Single Dose Azithromycin in the Treatment of Adult Cholera
Information source: International Centre for Diarrhoeal Disease Research, Bangladesh
Information obtained from ClinicalTrials.gov on June 20, 2008 Link to the current ClinicalTrials.gov record.
Condition(s) targeted: Cholera
Intervention: Azithromycin (Drug)
Phase: Phase 3
Status: Completed
Sponsored by: International Centre for Diarrhoeal Disease Research, Bangladesh Official(s) and/or principal investigator(s): Debasish Saha, MBBS,MS, Study Director, Affiliation: International Centre for Diarrhoeal Disease Research, Bangladesh
Summary
Cholera remains an important cause of diarrhoeal illness and death in Asia, Africa and Latin
America. Antimicrobial therapy is an important adjunct to fluid therapy in the management of
patients with cholera, and should be given to all patients with clinically moderate-to-severe
disease since they can reduce the diarrhoea duration and stool volume by half. Current
therapy for cholera is limited by increasing prevalence of multiply-resistant strains of
Vibrio cholerae O1 or O139. Tetracycline and doxycycline had been the drugs of choice for
treating cholera, but multiply-resistant strains are now present in all areas where cholera
is endemic or epidemic. There is thus a need to identify alternative drugs that are effect in
treating this disease.
Azithromycin, a newer macrolide agent, is active in-vitro against V. cholerae, attains high
concentrations in the gut lumen, has a long half-life, and is better tolerated than
erythromycin, and older macrolide. In this study we will compare efficacy of a single, 1. 0 g
oral doses of azithromycin and ciprofloxacin in male patients, aged 18-60 years, with cholera
due to V. cholerae O1 or O139. Patients with typical “Rice watery” stools of cholera, signs
of severe dehydration and characteristic cholera vibrios in a dark-field stool microscopy.
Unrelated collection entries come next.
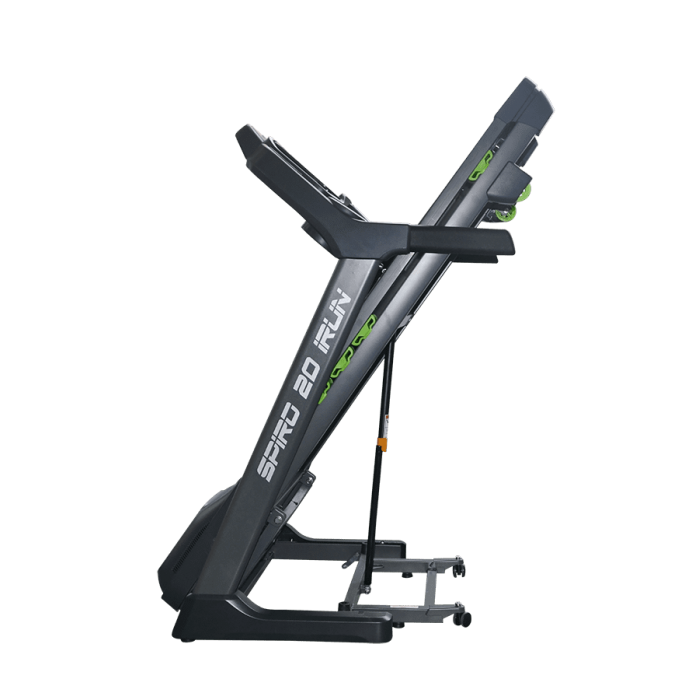 Тренажёр оснащён продуманной системой складывания, благодаря которой дорожка легко поднимается и фиксируется специальным замком. Гидравлический поршень обеспечивает плавность движения, а транспортировочные ролики делают перемещение тренажёра по квартире максимально простым.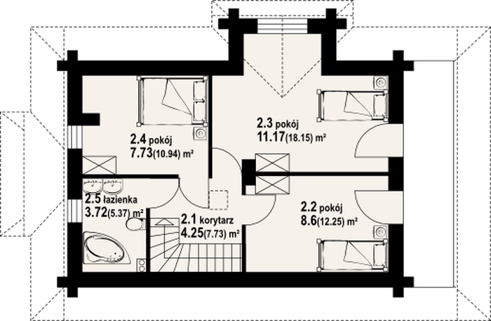 Dom o ciekawej architekturze. Parter to strefa dzienna, w której zaprojektowano salon z aneksem kuchennym oraz miejscem na jadalnię w ozdobnym wykuszu. Ponadto na parterze znajdują się pomieszczenia łazienki i kotłowni. W strefie nocnej zlokalizowanej na poddaszu przewidziano trzy sypialnie, w tym dwie z wyjściem na balkon i łazienkę. Dom doskonale nadaje się do usytuowania na wąskiej działce.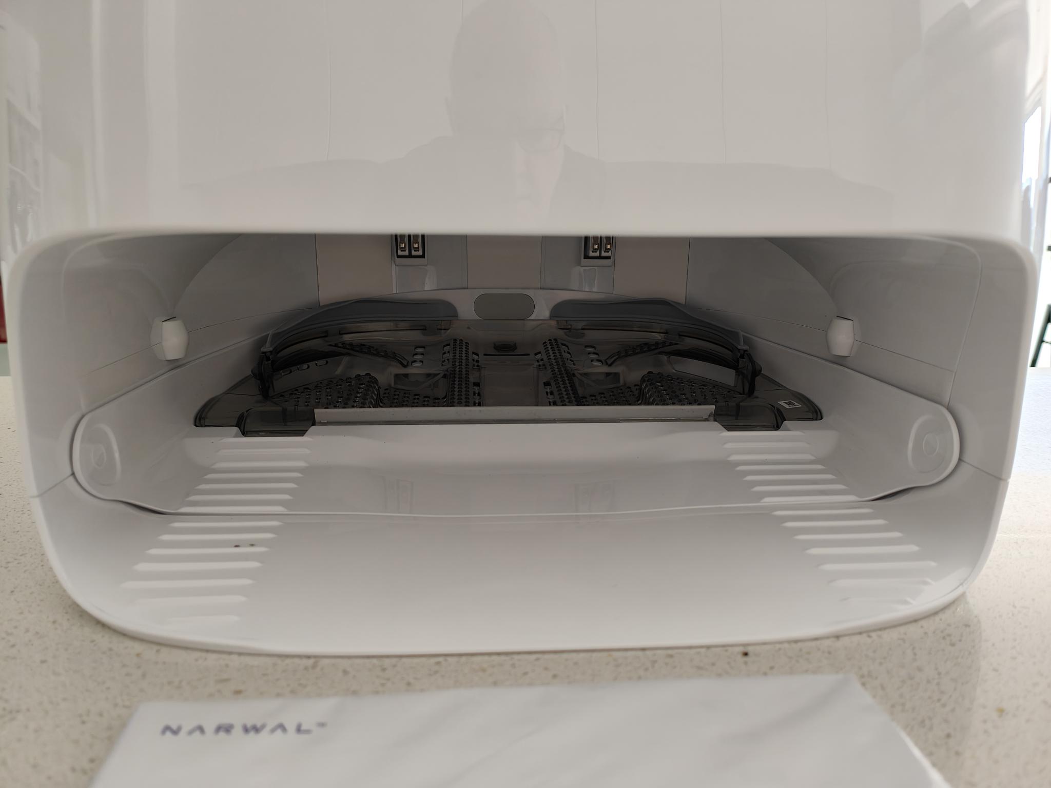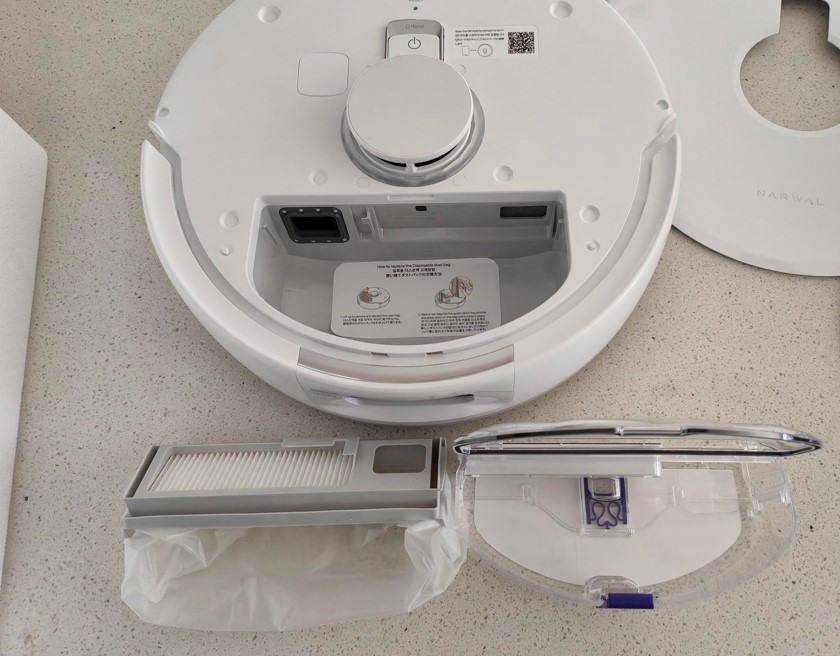 Where most Gen 4 cleaning stations empty the internal dustbin into a 3+L disposable paper bag, this does not. It has a standard 300+ml dust box and filter (empty/clean after every use) or a 1L disposable plastic bag and filter. Narwal claims the bag provides seven weeks of storage, but we found it necessary to empty it after every three to four uses.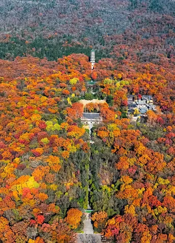 位于南京灵谷景区的灵谷塔,一到秋天美的像一幅画卷。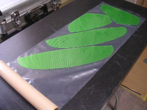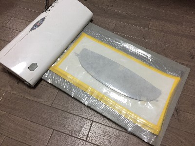 樹脂塗布作業が完了したら、バギングプレートでコアを挟み込みんでリリースフィルムに入れます。 この時、重要なのはコアの前縁とバギングプレートの前縁をピッタリあわせる事。根気良く合わせましょう。コアを整形する時点でコアとバギングプレートの前縁ラインをピッタリあわせておくのがコツです。※写真はバギング後のものですが、バギング前も同じなので代用します。

Patients who have coexisting illness which may confound assessment of the efficacy or safety
will not be eligible. Only those patients who have V. cholerae O1 or O139 isolated from their
pre-therapy stool and/or rectal swab culture and remains in the hospital for the entire
duration of the study will be eligible for efficacy evaluation. A written informed consent
will be obtained from each patients for their enrollment in the study.
Patients will be hospitalized for full 5 days, and asked to return for a follow up evaluation
7 days after discharge. After initial rehydration, patients will be observed for 4 hours, and
only those with ³ 20 ml/kg of watery stools during this period will be enrolled for study.
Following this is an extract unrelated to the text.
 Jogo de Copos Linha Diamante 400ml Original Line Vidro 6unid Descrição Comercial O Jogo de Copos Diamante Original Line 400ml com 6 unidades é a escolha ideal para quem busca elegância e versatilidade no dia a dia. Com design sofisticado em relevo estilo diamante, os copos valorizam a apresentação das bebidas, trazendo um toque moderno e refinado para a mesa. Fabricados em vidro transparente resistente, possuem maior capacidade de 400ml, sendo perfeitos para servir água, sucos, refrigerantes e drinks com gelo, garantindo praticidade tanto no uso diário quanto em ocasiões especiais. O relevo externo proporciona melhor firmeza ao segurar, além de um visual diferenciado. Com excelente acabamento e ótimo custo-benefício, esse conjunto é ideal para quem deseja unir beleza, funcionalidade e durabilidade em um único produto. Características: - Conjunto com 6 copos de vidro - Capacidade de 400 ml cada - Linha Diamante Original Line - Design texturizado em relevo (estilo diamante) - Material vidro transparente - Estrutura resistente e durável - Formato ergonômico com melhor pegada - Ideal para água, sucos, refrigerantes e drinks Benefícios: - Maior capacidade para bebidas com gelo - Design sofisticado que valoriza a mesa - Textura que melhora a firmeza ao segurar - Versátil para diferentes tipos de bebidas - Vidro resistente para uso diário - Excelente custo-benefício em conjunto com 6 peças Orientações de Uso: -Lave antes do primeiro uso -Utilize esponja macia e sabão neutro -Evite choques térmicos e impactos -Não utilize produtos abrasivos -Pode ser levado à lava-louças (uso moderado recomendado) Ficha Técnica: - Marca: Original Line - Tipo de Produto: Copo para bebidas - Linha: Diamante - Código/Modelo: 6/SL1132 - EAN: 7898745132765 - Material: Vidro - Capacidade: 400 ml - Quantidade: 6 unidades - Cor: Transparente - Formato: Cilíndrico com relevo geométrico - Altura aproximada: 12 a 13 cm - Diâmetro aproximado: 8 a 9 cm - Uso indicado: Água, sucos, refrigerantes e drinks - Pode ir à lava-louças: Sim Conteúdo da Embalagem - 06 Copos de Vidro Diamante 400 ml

Treatment will be random, and blinded to study staff and patients. Clinical success of
therapy will be defined as resolution of watery stool within 48 hours of administration of
the study drug, and bacteriologic success will be defined as the inability to isolate V.
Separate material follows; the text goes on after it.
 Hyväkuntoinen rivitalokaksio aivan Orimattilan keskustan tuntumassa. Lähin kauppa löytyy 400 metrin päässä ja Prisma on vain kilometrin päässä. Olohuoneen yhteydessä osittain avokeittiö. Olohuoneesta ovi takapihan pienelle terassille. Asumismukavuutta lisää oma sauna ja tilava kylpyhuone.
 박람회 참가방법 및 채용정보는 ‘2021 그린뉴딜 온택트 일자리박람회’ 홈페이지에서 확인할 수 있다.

cholerae O1 or O139 from fecal/rectal swab cultures of patients after 48 hours of therapy,
i. e. on day 3 and on all subsequent days of the study. Patients in whom therapy clinically
fails will be treated for 3 days with an effective alternate drug without opening the study
code. Ninety one evaluable patients will be required in each group to show with a power of
80% and a type I error of 5% that the two treatment regimens are equivalent (i. e. the 95%
confidence interval for the difference in efficacy between the two groups is not greater than
10%).
If single-dose azithromycin therapy is found effective it will provide an important option
for the treatment V. cholerae infections, especially those caused by multiply-resistant
strains.
Clinical Details
Official title: Randomized, Double-Blind, Controlled Clinical Trial to Compare Efficacy of a Single Dose of Azithromycin Versus a Single Dose of Ciprofloxacin in the Treatment of Adults With Clinically Severe Cholera Due to V. Cholerae O1 or O139
Study design: Treatment, Randomized, Double-Blind, Placebo Control, Parallel Assignment, Efficacy Study
Primary outcome: Clinical successBacteriological Success
Secondary outcome: Rates of clinical and bacteriologic relapse.Duration of diarrhoea in hours, and duration of fecal excretion of V. cholerae O1 or O139 in days. Volume of watery/liquid stool for each 6 and 24 hour of the study, and also the total amount of watery/liquid stools during the study period. Frequency of vomiting and the amount of vomitus, and proportion of patients with vomiting on each study day. Intake of oral and intravenous fluids for each 24 hour as well as the entire duration of the study. Proportion of patients with resolution of diarrhoea on each study day. Proportion of patients with a positive culture for infecting V. cholerae O1 or O139 on each study day.
Detailed description:
A total of 182 evaluable patients (those with a positive stool culture for V. cholerae O1 or
V. cholerae O139 and remain in the study for full 5 days) will be required for this study.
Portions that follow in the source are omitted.